On 6/25/19 5:03 PM, Martin Sebor wrote:
>
> The caller ensures that handle_char_store is only called for stores
> to arrays (MEM_REF) or single elements as wide as char.
Where? I don't see it, even after fixing the formatting in
strlen_check_and_optimize_stmt :-)
> gimple *stmt = gsi_stmt (*gsi);
>
> if (is_gimple_call (stmt))
I think we can agree that we don't have a call, so this is false.
> else if (is_gimple_assign (stmt) && !gimple_clobber_p (stmt))
> {
> tree lhs = gimple_assign_lhs (stmt);
This should be true IIUC, so we'll go into its THEN block.
> if (TREE_CODE (lhs) == SSA_NAME && POINTER_TYPE_P (TREE_TYPE (lhs)))
Should be false.
> else if (TREE_CODE (lhs) == SSA_NAME && INTEGRAL_TYPE_P (TREE_TYPE
> (lhs)))
Should also be false.
> else if (TREE_CODE (lhs) != SSA_NAME && !TREE_SIDE_EFFECTS (lhs))
Should be true since LHS is a MEM_REF.
> {
> tree type = TREE_TYPE (lhs);
> if (TREE_CODE (type) == ARRAY_TYPE)
> type = TREE_TYPE (type);
> if (TREE_CODE (type) == INTEGER_TYPE
> && TYPE_MODE (type) == TYPE_MODE (char_type_node)
> && TYPE_PRECISION (type) == TYPE_PRECISION (char_type_node))
> {
> if (! handle_char_store (gsi))
> return false;
> }
> }
If TREE_TYPE (type) is an ARRAY_TYPE, we strip the ARRAY_TYPE. We then
verify that TYPE is a single character type. _But_ we stripped away the
ARRAY_TYPE. So ISTM that we allow either an array of chars or a single
char on the LHS.
So how does this avoid multiple character stores?!? We could have had
an ARRAY_REF on the LHS and we never check the number of elements in the
array.

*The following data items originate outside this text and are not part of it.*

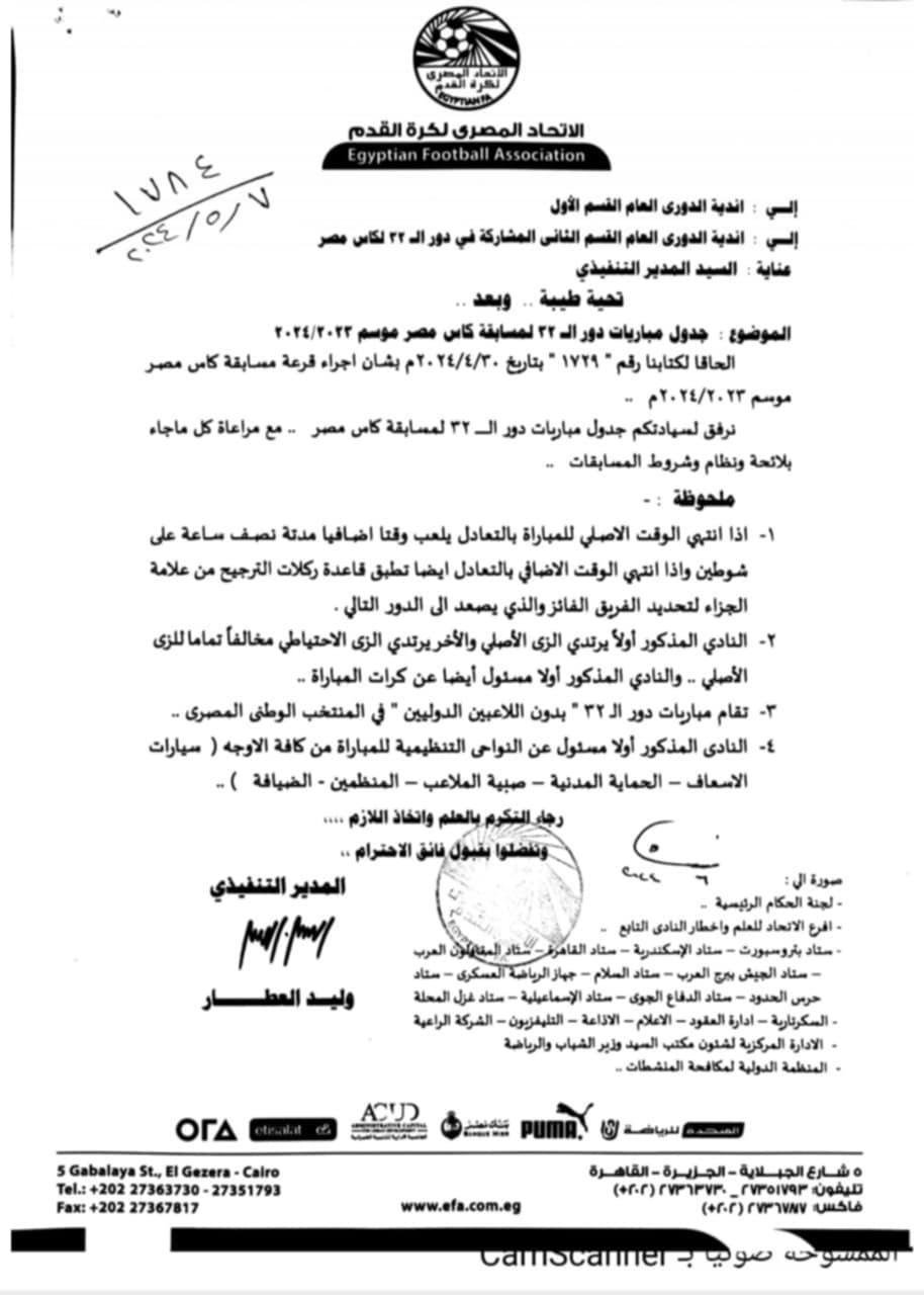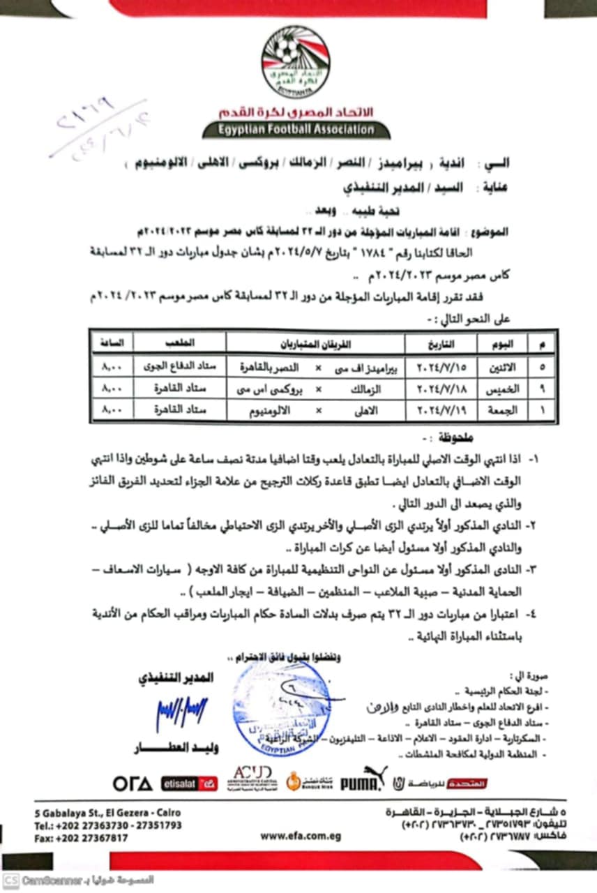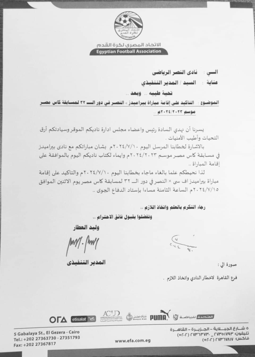 وتابع البيان: تلقي نادي النصر خطاب يفيد بأن موعد مباراة النصر امام بيراميدز في كأس مصر تم تحديده يوم 31 / 5 / 2024.. وفى يوم 27 / 5 تلقي نادي النصر خطاب من اتحاد الكرة يفيد بأنه تم تأجيل المباراة لموعد سيتم تحديدة لاحقًا بدلًا من اقامتها من 31 / 5 ثم تم ابلاغنا بأقامه المباره في الفتره مابين 12 يونيو الى 15 يونيو.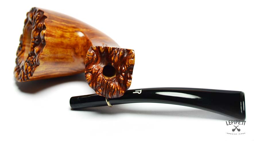 This extraordinary briar pipe belongs to the exclusive E.G. Rinaldo series — a new line personally signed by Elio and Guido Rinaldo, renowned master pipe makers. Each piece in this collection reflects their decades of expertise, passion, and artistic vision.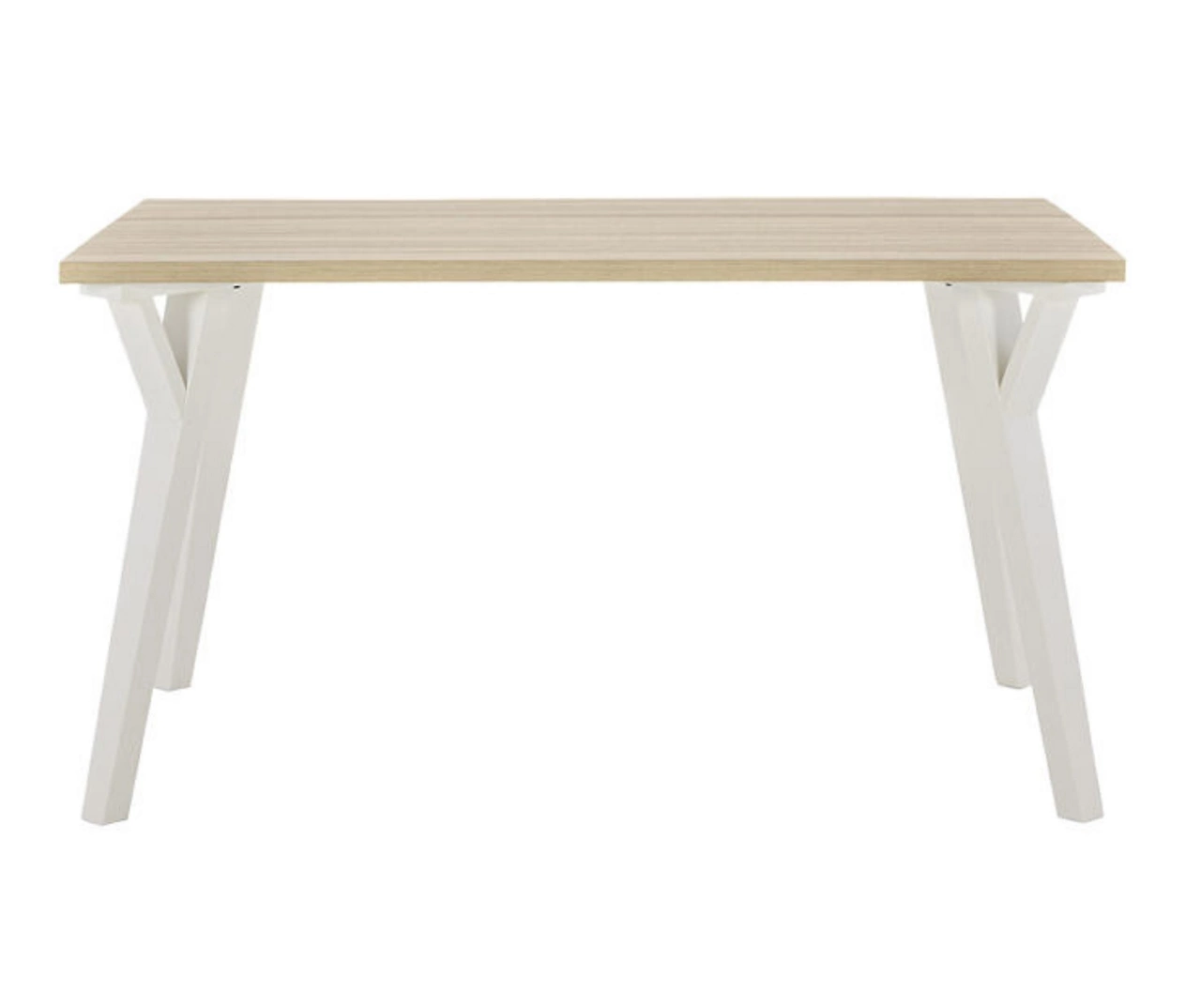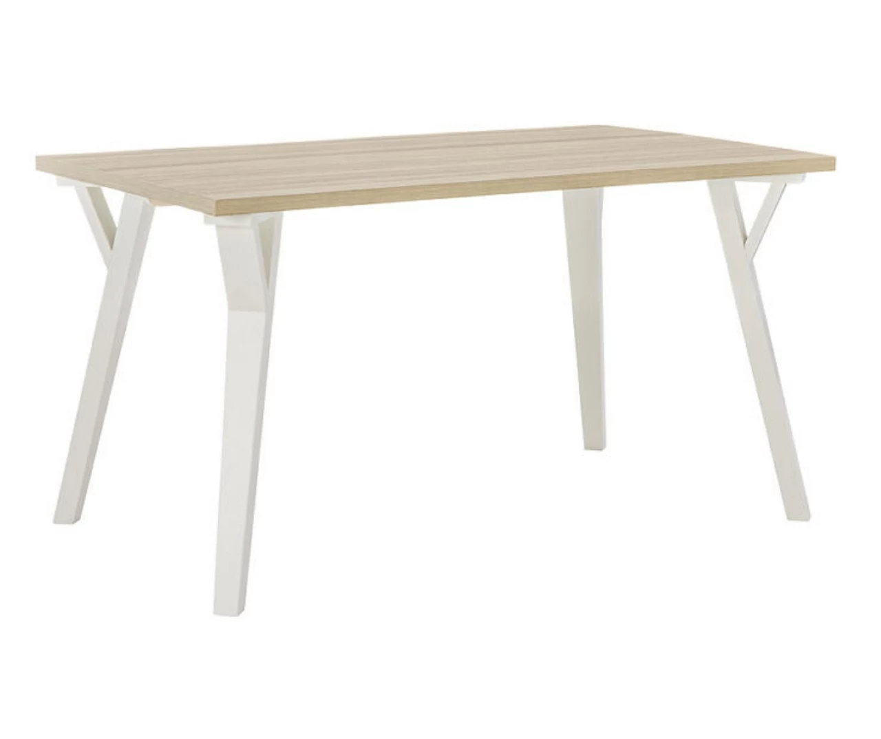 Bring light to your dining area with clean lines and a bright two-tone finish. The rectangular dining table sports stylized saber legs in a white finish for beautiful simplicity. The melamine top in a light tan color provides additional durability, marrying minimalism with big style for a delightful combination.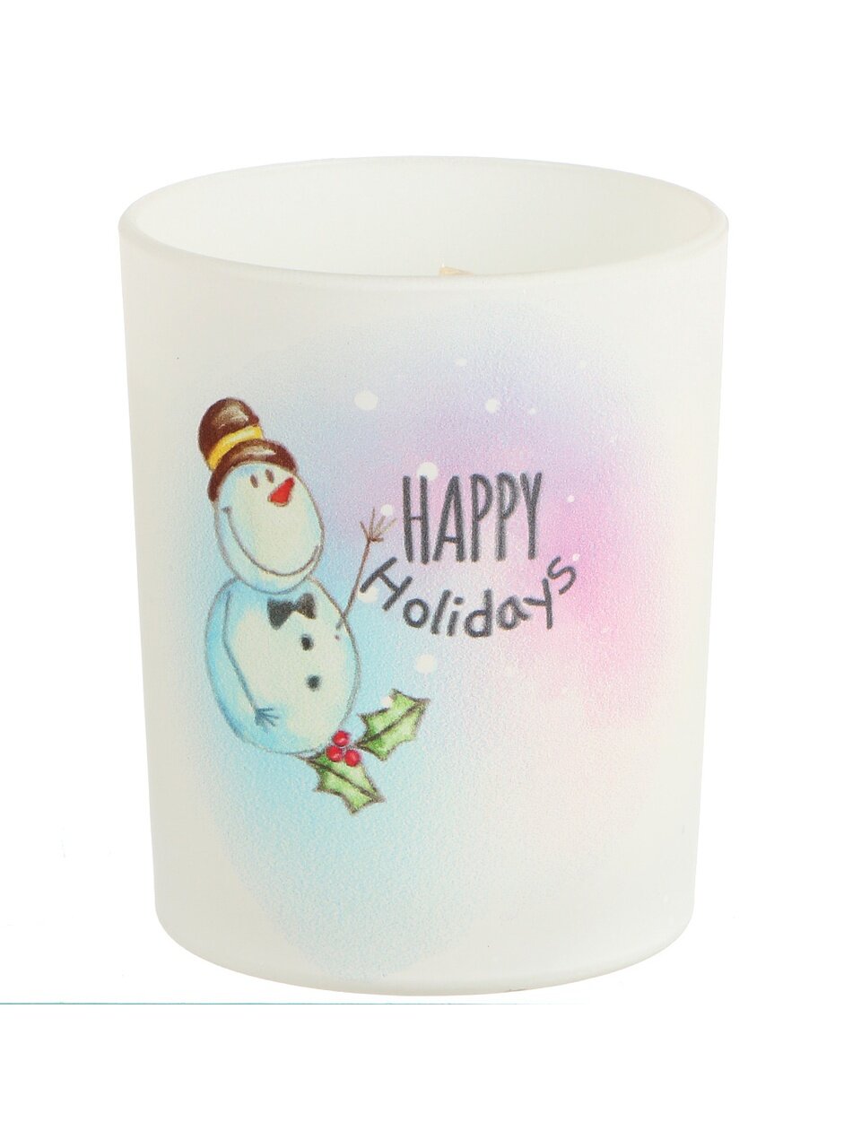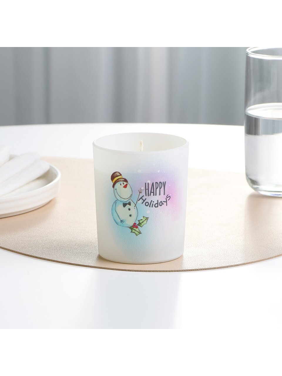 Свеча декоративная HAPPY HOLIDAYS в стеклянном подсвечнике 7.7х9.3 см — стильный акцент для уюта и подарков, безопасна, без запаха, подходит для любого интерьера.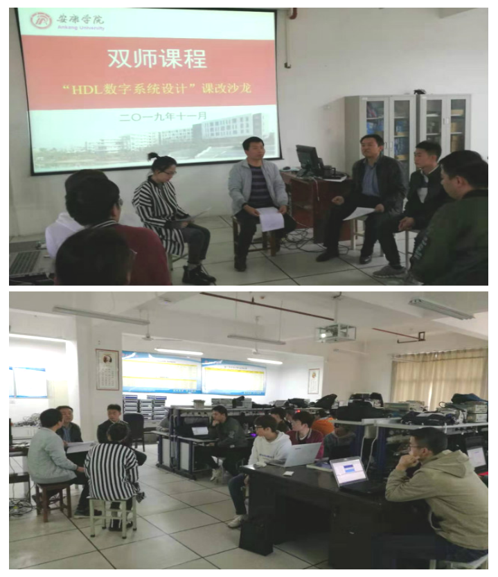 为了进一步推进电信学院产教融合、协同育人人才培养模式的构建,不断提高应用型人才培养质量。2019年11月8日,电信学院电子工程系在江北校区逸夫科技楼A401实验室,围绕学校首批立项的“双师课程”《HDL数字系统设计》建设成效,开展了一次课改沙龙活动。电信学院教学副院长王庆春、双师课程合作企业授课老师贺磊工程师、电子工程系相关教师以及电子信息工程专业2017级学生参加了本次课改沙龙活动。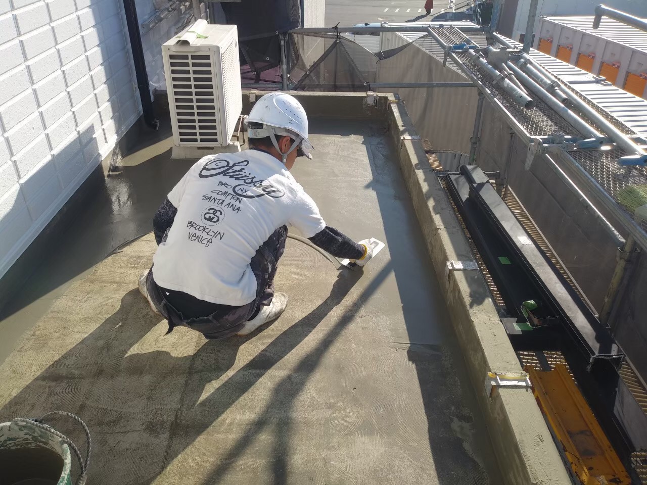 古くなったコンクリートの表面はデコボコしていたり、ひび割れ等があるため、場合によっては調整をする時もあります。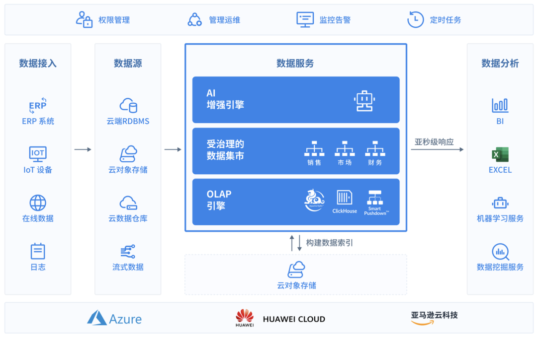 统一语义层将复杂的数据映射为业务语言,并以服务的形式为每一个数据分析用户在 PB 级别数据规模上,提供统一的数据定义及行业标准的访问接口(标准 SQL 及 MDX)。

There's no check on the RHS either. SO I don't see how we
guarantee that we're dealing with a single character store.
What am I missing here?
>
> What you describe sounds like
>
> char a[N];
> *(int*)a = 0x31323300;
>
> which is represented as
>
> MEM[(int *)&b] = 825373440;This would be closer (I realize it's not C):
char a[N];
a[0..3] = 0x313233300;
>
> The LHS type of that is int so the function doesn't get called.
I'm concerned about the case where the LHS is an array.
>> And if the NUL byte in the original was at byte offset 2, then didn't we
>> just change the length by overwriting where the NUL is?
>
> No, because cmp is the result of compare_nonzero_chars and cmp > 0
> means:
>
> 1 if SI is known to start with more than OFF nonzero characters
>
> i.e., the character is being stored before the terminating nul.
> This is the basis of the original optimization:
>
> /* If si->nonzero_chars > OFFSET, we aren't overwriting '\0',
> and if we aren't storing '\0', we know that the length of the
> string and any other zero terminated string in memory remains
> the same.
But all this is predicated on the assumption that we're dealing with a
single character memory store. I don't see what enforces that precondition.